GLSL ignoring uniform bool comparison in fragment shader?


I'm trying to compare a uniform bool (type_2d) in GLSL in order to output one of the two sampler types - sampler2D and samplerCube. This is purely utilised to differentiate between a cubemap (skybox, reflective cubemap data ect) and a sampler2d (albedo maps, normal maps ect).

I've tried comparing with an integer, float as well as a bool, however the framebuffer always resorts to a black screen.

Bearing in mind, the cubemap results works perfectly fine if I hard-code the bool value inside the "main" where for example "type_2d = false" without the uniform assignment, as opposed to parsing the uniform value from C++.

Here is the "GBuffer.f" code:

#version 420 core

layout(location = 0) out vec3 gPosition;    // Position texel colour
layout(location = 1) out vec3 gNormal;  // Normal texel colour
layout(location = 2) out vec4 gAlbedo;  // Albedo texel colour

in vec3 _texcoord;  
in vec3 _normal;
in vec3 _frag_pos;

uniform bool        type_2d;

uniform sampler2D   albedo;     // Albedo and specular map
uniform samplerCube cubemap;    // Skybox cubemap

vec4 final_colour;

void main()
{

    gPosition = _frag_pos;
    gNormal = normalize(_normal);

    if (type_2d)
    {
        final_colour.rgb = texture(albedo, _texcoord.st).rgb;
        final_colour.a = texture(albedo, _texcoord.st).a;   // Emission
    }
    else
    {
        final_colour.rgb = texture(cubemap, _texcoord).rgb;
        final_colour.a = texture(cubemap, _texcoord).a;
    }

    gAlbedo.rgba = final_colour;
}

Why do uniform bool comparisons never work in a fragment shader? I even managed to get the uniform value from GLSL and the parsing stage seems to work perfectly fine - it's almost as if GLSL refuses to use it for comparison, and thus returning a NULL texture sample creating a black screen effect. Any Ideas?


Solution

  • In OpenGL, a single texture unit has several binding targets for different texture types, like GL_TEXTURE_1D, GL_TEXTURE_2D, GL_TEXTURE_BUFFER, GL_TEXTURE_CUBE_MAP. So technically, you can bind more than one texture to a single unit.

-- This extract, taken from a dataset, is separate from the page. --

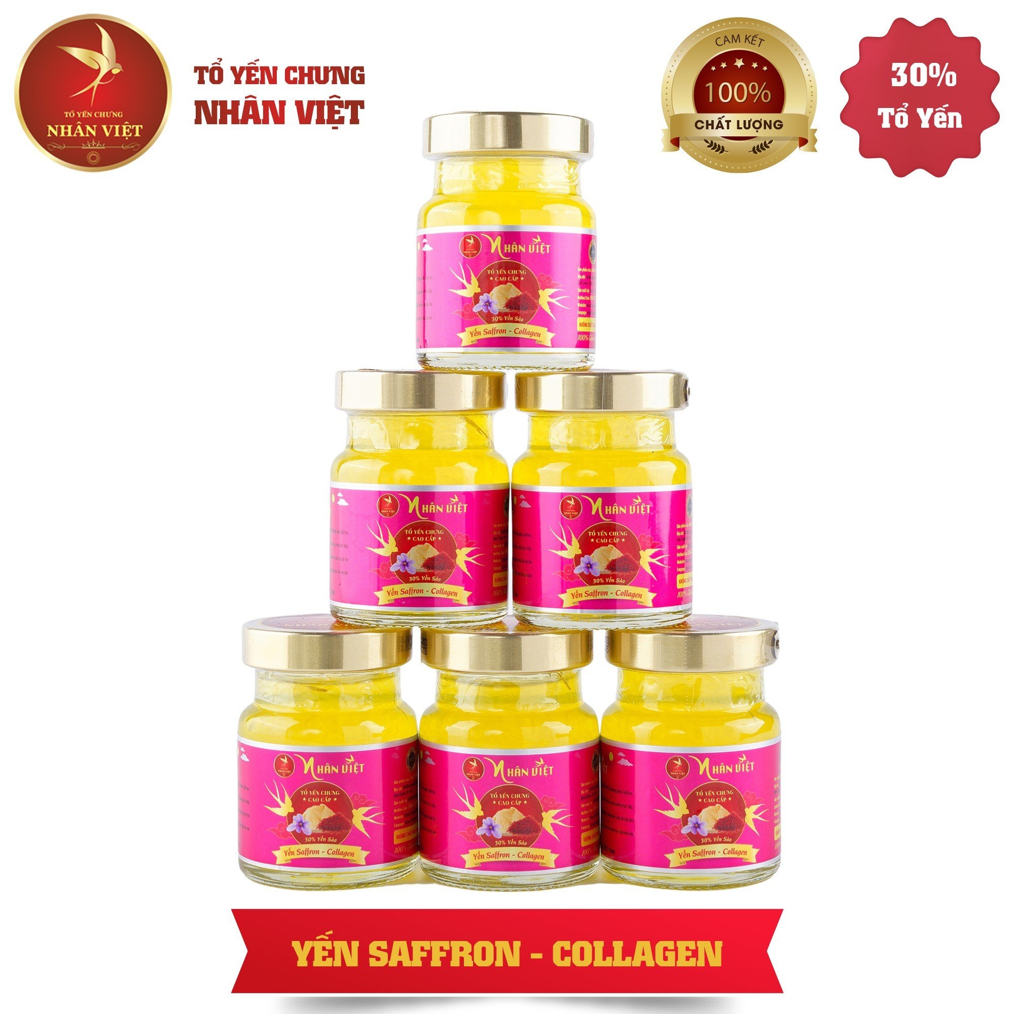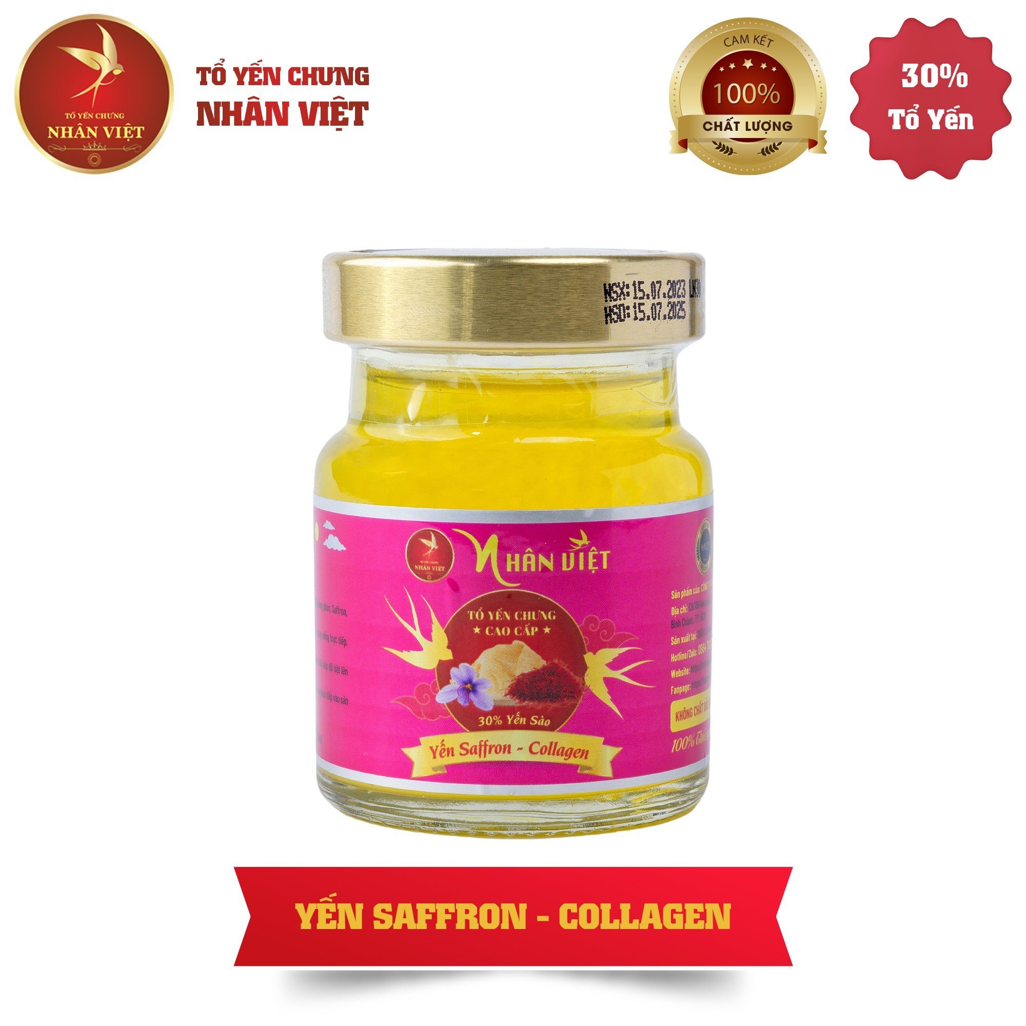 Yến Sào Chưng Saffron Collagen Nhân Việt 30% Yến 70ml / Hũ
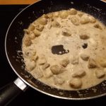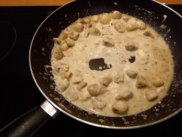 Laat de champignons zachtjes bakken en voeg de kalfsfond en de crème fraîche toe. Voeg de nootmuskaat toe en zet de warmtebron laag.

    By default, GL_TEXTURE0 is the active texture unit, and all uniforms are initialized to 0, including sampler uniforms. So if you jsut glBindTexture() a 2D texture and a cube map, you end up with exactly that.

    However, albeit having bound several different texture types to a single unit at the same time is perfectly allowed in the GL, you can just sample from one specific texture target of each unit. OpenGL 4.6 core profile specification, Section "7.11 Samplers", page 155 explicitly states:

    It is not allowed to have variables of different sampler types pointing to the same texture image unit within a program object. This situation can only be detected at the next rendering command issued which triggers shader invocations, and an INVALID_OPERATION error will then be generated.

    So even if you use an uniform to switch between both paths, your program object technically has both sampler uniforms active, and without setting them to sample from different texture units, you're ending up in the forbidden zone.